DISTORTION = np.array([
    1.721865529753746626e-01, 
    -2.080112797862111673e+00,
    -2.175832103492915739e-02, 
    7.900438166936698051e-03, 
    3.798900597582000493e+00
])


# Physical camera
cam = cv2.VideoCapture(0)
cam.set(cv2.CAP_PROP_FRAME_WIDTH, SCREEN_W)
cam.set(cv2.CAP_PROP_FRAME_HEIGHT, SCREEN_H)

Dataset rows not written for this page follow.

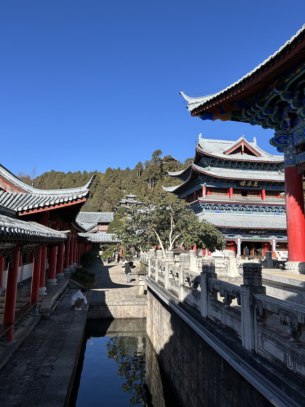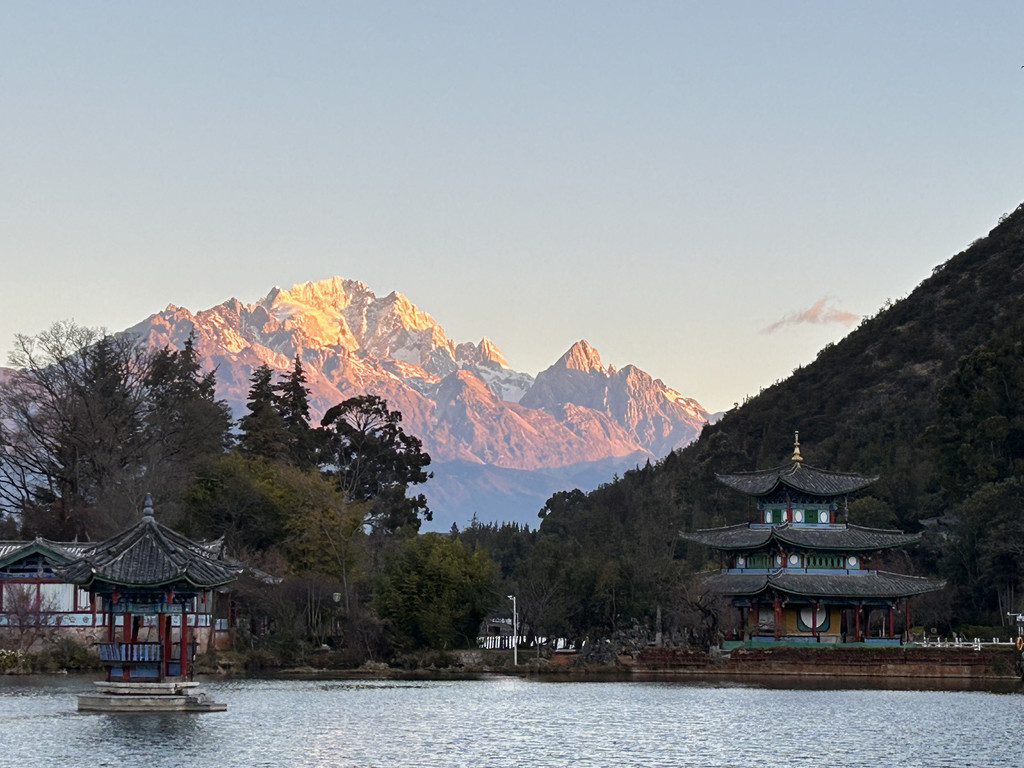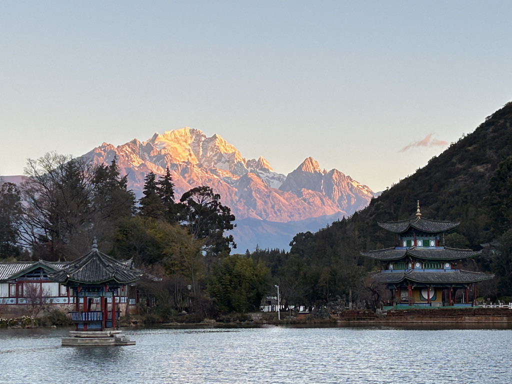 早上8点,我们来到古城黑龙潭公园,大门前行100米走到拍照绝佳机位--锁翠桥看到了日照金山和水面倒影,画面唯美震撼。
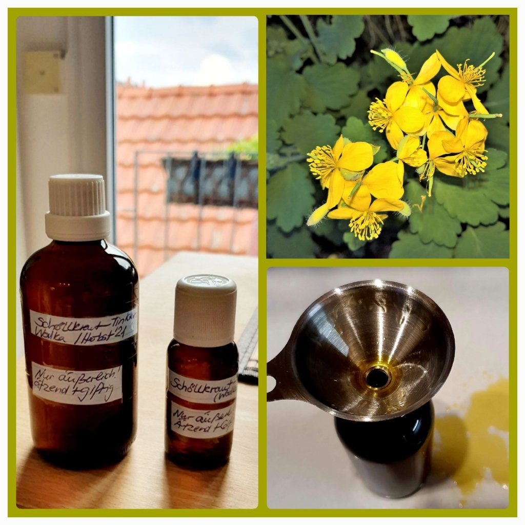 Zunächst war die Tinktur dran, die am längsten im Schrank steht: Seit 2021 wartet das Schöllkraut auf seinen Einsatz. Die Farbe ist echt gut, gelb-grün. Da es leicht giftig und ätzend ist, ist es nur für die äußere (!) Anwendung gedacht. Äußerlich soll es, mehrmals täglich aufgetupft, gegen Warzen und Hühneraugen helfen. Blog übers Schöllkraut: https://monika-rauch.com/2022/11/06/schoellkraut/Bei der Mazertion werden Pflanzenteile in Wasser (Tee), hochwertigen Ölen, Essig, Honig, Zucker, Alkohol … (Tinkturen aus: Korn, Wodka, Rum, 98%igem Alkohol) ausgezogen. Die Mazerate aus Öl können warm oder kalt ausgezogen werden. Ich habe hier Öle mit Schafgarbe Johanniskraut, Hagebutten und Tinkturen mit verschiedenen Kräutern abgesiebt, abgefüllt und etikettiert.
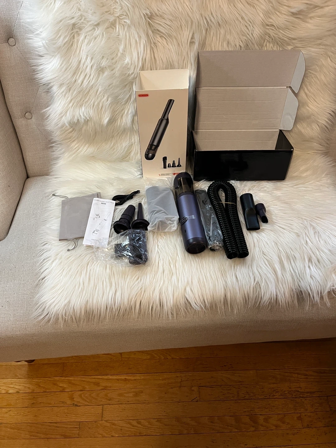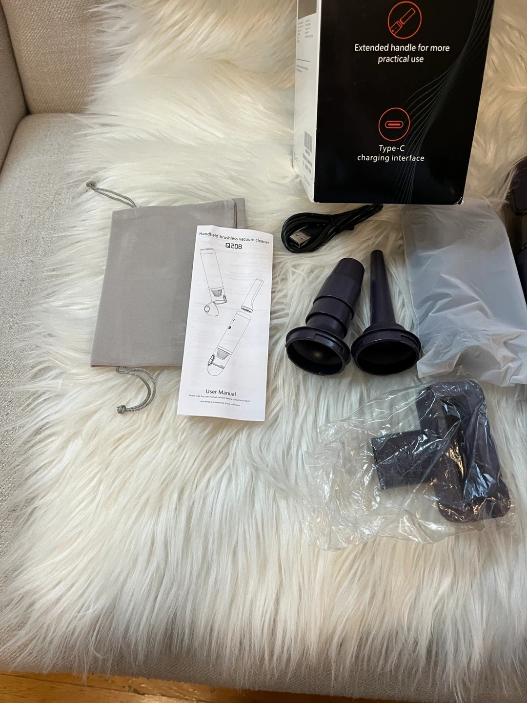 Selling a brand new, in-box handheld brushless vacuum cleaner, model Q208! It comes with all the accessories, including the user manual, various nozzle attachments, and a Type-C charging interface. The vacuum features a super suction of 16000pa and has a vacuum suction/inflation multi-functional use. The extended handle makes it practical to use!
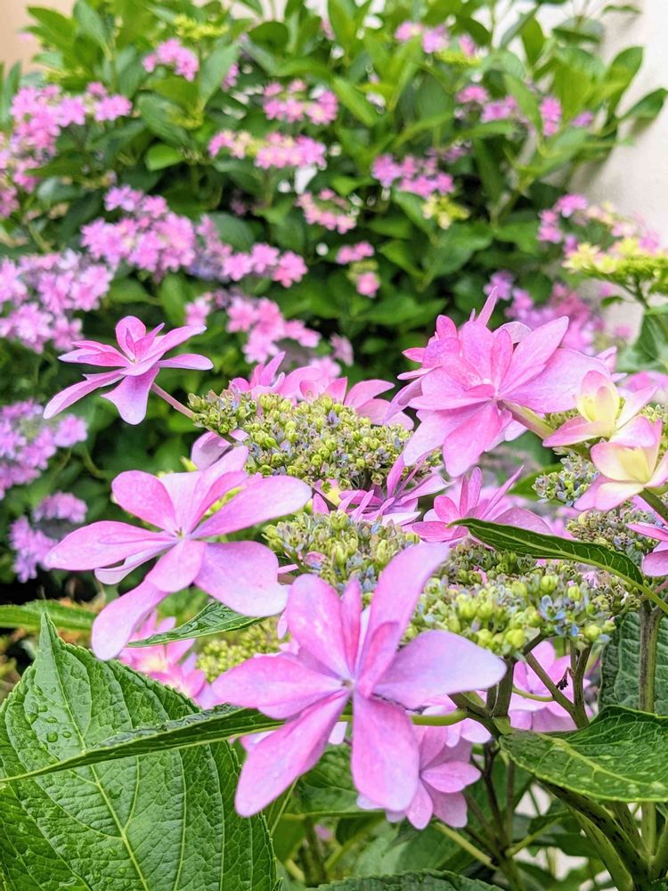 赤紫色⏩ピンク⏩薄ピンクへ変化しそうな額紫陽花…
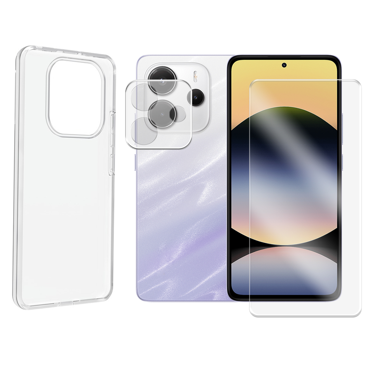 Verre Trempé pour Xiaomi Redmi Note 14 5G 6.67" + Verre Trempé Caméra Arrière + Coque transparente souple
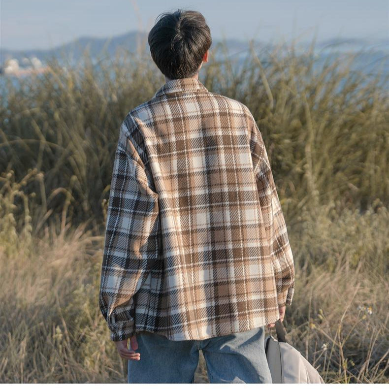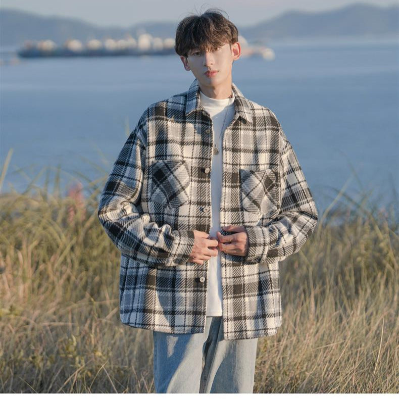 Woolen Plaid Overshirt Men’s Hong Kong Style Jacket
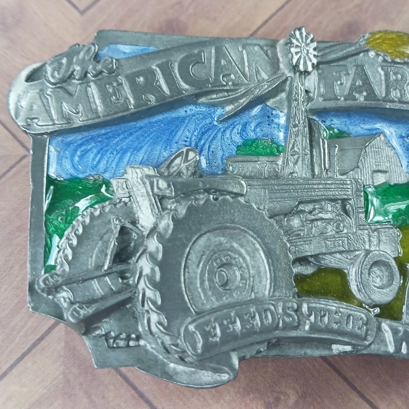 как выглядит The American Farmer Feeds the World Belt Buckle Siskiyou E-27 Tractor Barn Cow фото
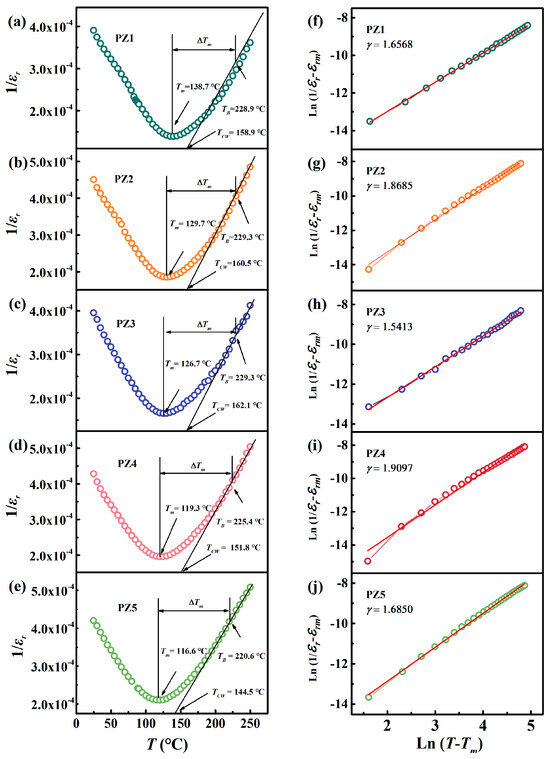 A comparison of the curves of Ɛr − T for the PZm samples prepared at 10 kHz. (a–e) 1/Ɛr − T, (f–j) ln (1/Ɛr − 1/Ɛrm) − ln (T − Tm).
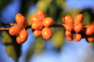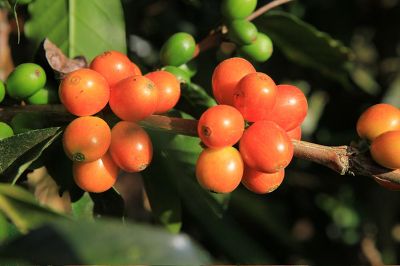 빨간색의 커피열매를 보고
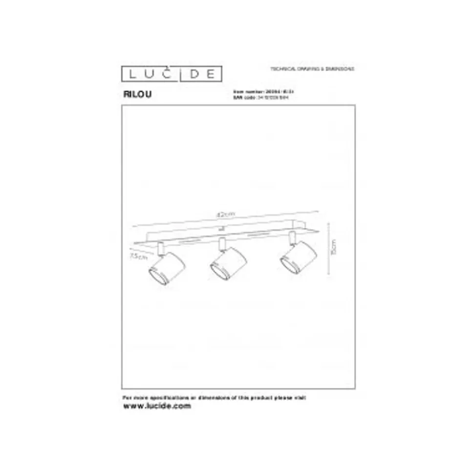 Lucide RILOU – Plafondspot – LED Dimb. – GU10 – 3x5W 3000K – Wit Lucide
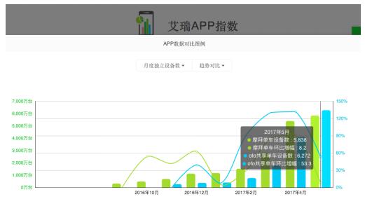 前不久,艾瑞咨詢的最新數(shù)據(jù),ofo5 月月度活躍用戶已達 6272 萬,環(huán)比 4 月增長53.3%,摩拜活躍用戶則增至 5838 萬,環(huán)比增長8.2%。ofo用戶規(guī)模以絕對領先優(yōu)勢,占據(jù)行業(yè)第一位置。
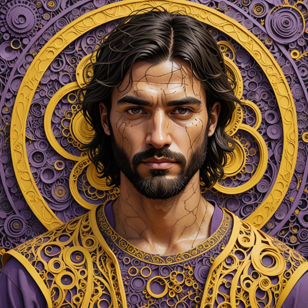 A striking picture of a beautiful man with bronzed skin wearing tattered yellow clothing. The man has short, unkempt black hair, a beard, and dazzling violet eyes in a photorealistic style.
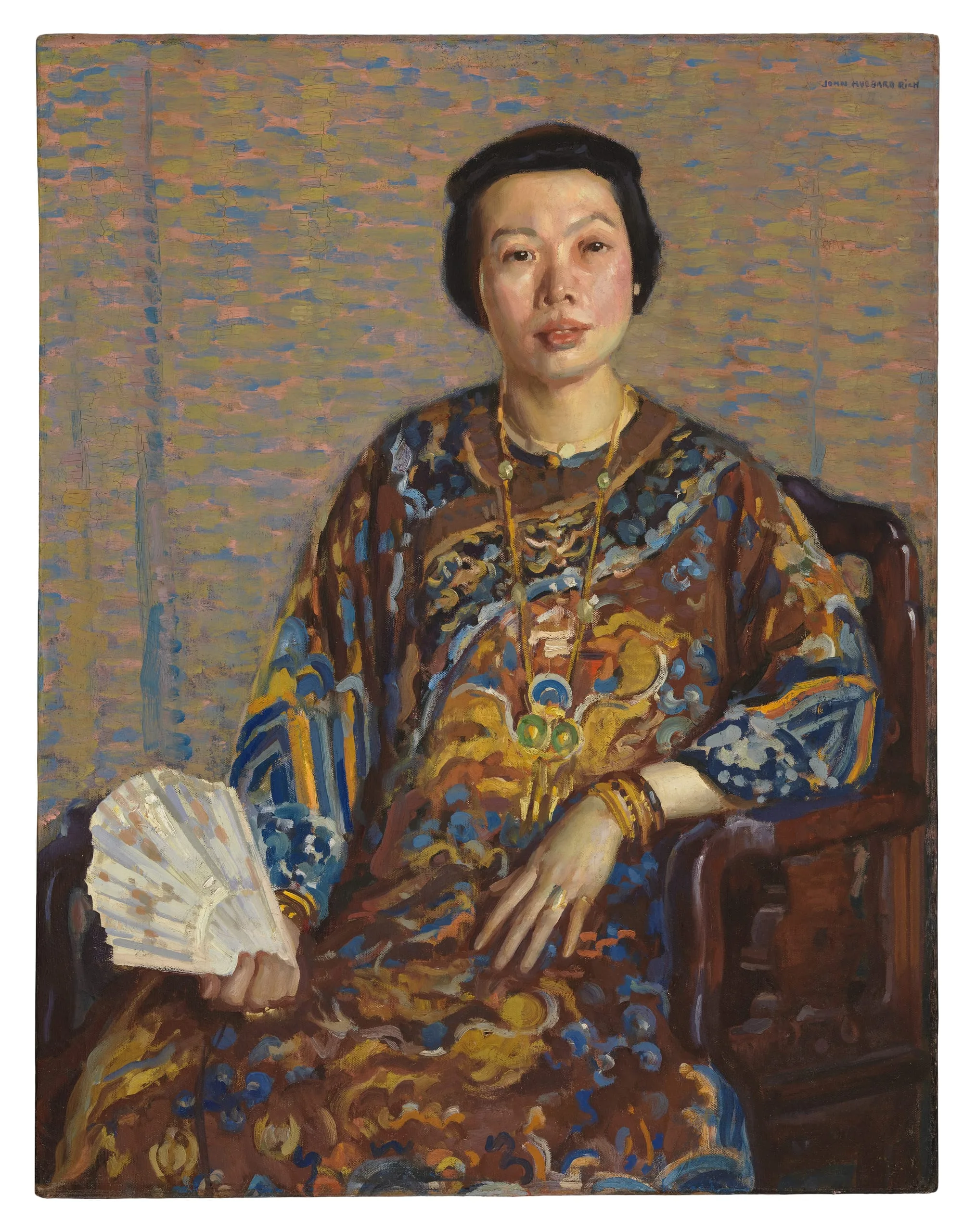 One of the leading progressives in post-World War I Los Angeles, Rich settled in southern California in 1914 after a career in Boston and New York. Although he was skilled in the style of impressionism popularized by his teacher, Edmund Tarbell, within a few years his work had evolved beyond this training. The figure in Mme Yup See is fully realized within a traditional approach to modeling and draftsmanship, yet Rich’s postimpressionist handling dominates the picture. The background flickers with long horizontal streaks of pink, ultramarine blue, and yellow, sparkling hues that echo the deeper colors of Mme See’s attire.
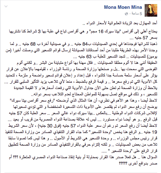 ونشرت خلال صفحتها الشخصية عبر “فيسبوك” شكوى من أحد الأهالي يقول فيها: “يحتاج أهلي إلى أقراص “بيتا سيرك 16 مجم” وهي أقراص تباع في علبة بها 3 شرائط كنا نشتريها بسعر 57 جنيهًا، ذهبنا لشرائها فوجدناها في إحدي الصيدليات ب84 جنيه .. وفي صيدلية أخرة ب 68 جنيهًا .. و لما وجدنا الأمر بهذه الطريقة طلبنا من أحد أصدقائنا الصيادلة إرسال قوائم التسعير التي وصلت أخيرا (من يومين) للصيدليات .. لنجد التسعير للعلبة ب 63 جنيهًا”.
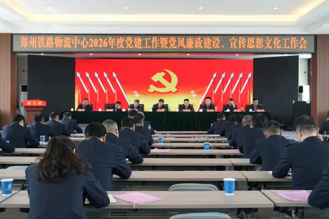 4月14日,郑州铁路物流中心在中心四楼会议室召开2026年度党建工作暨党风廉政建设、宣传思想文化工作会议,中心领导班子成员、各部门负责人及营业部党政正职参加了本次会议。
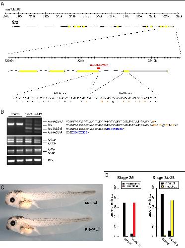 Figure 5. Pervasive intron retention in fus morphants detected by RNA-seq. In all panels, the top yellow and gray track shows the JGI v7.1 gene models for reference. The black tracks show the control read profile, and the red tracks show read profile for fus morphants. (A) Two splice forms, fgfr2b and fgfr2c, are detected in control lanes at stage 10, whereas only fgfr2b is detected in fus morphants. The alternatively spliced region is boxed in blue. At stage 12, the control read distribution is similar to that at stage 10, whereas the fusMO lane shows a complete flattening of the transcript profile, indicating that all introns are retained. (B) Normal exon profile of cdh1 in control lane at stage 10; dramatic intron retention is apparent in fus morphants. (C) The bcad transcript is normal in fus morphants at stage 10.
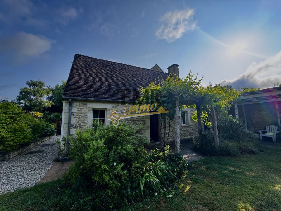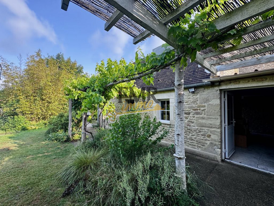 À 3 minutes de Saint-Pierre-sur-Dives, cette grande maison en pierres vous accueille au bout d’une allée arborée, dans un cocon de verdure, sans vis-à-vis. Un vrai havre de paix.

cv2.namedWindow('window', cv2.WND_PROP_FULLSCREEN)
cv2.setWindowProperty('window', cv2.WND_PROP_FULLSCREEN, cv2.WINDOW_FULLSCREEN)
cv2.imshow('window', IMAGE)
cv2.waitKey(1000)

_, physical = cam.read()
cv2.destroyWindow('window')
cam.release()

physical = cv2.undistort(physical, CAMERA_MATRIX, DISTORTION, None, OPTIMAL_CAMERA_MATRIX)
cv2.imwrite('physical.png', physical)


# Virtual camera
proj_3d = np.array([   
    [1, 0, -SCREEN_W / 2],
    [0, 1, -SCREEN_H / 2],
    [0, 0, 0],
    [0, 0, 1]
])

dz = CAMERA_DIST_MM * (SCREEN_W / SCREEN_W_MM)
trans = np.array([
    [1, 0, 0, 0],
    [0, 1, 0, 0],
    [0, 0, 1, dz],
    [0, 0, 0, 1]
])

K = np.zeros((3, 4))
K[0:3, 0:3] = CAMERA_MATRIX

mat = K @ trans @ proj_3d

virtual = cv2.warpPerspective(IMAGE, mat, (SCREEN_W, SCREEN_H))
cv2.imwrite('virtual.png', virtual)

Steps to reproduce:

  1. Save this test image as test_img.png
  2. Edit the variables at the top to match the parameters of your screen and camera
  3. Position the camera so that its optical axis points at the approximate center of the screen
  4. Measure the distance between your camera and screen in millimeters and update the CAMERA_DIST_MM variable to match it
  5. Run the script

Here are the results I get:

Problem solved!

For the future googlers: I found this library which implements a correctly working virtual camera!

You can find an interactive demo in this github repo. It doesn’t contain the source code for the library itself, so if you want to see it you’ll need to install the package.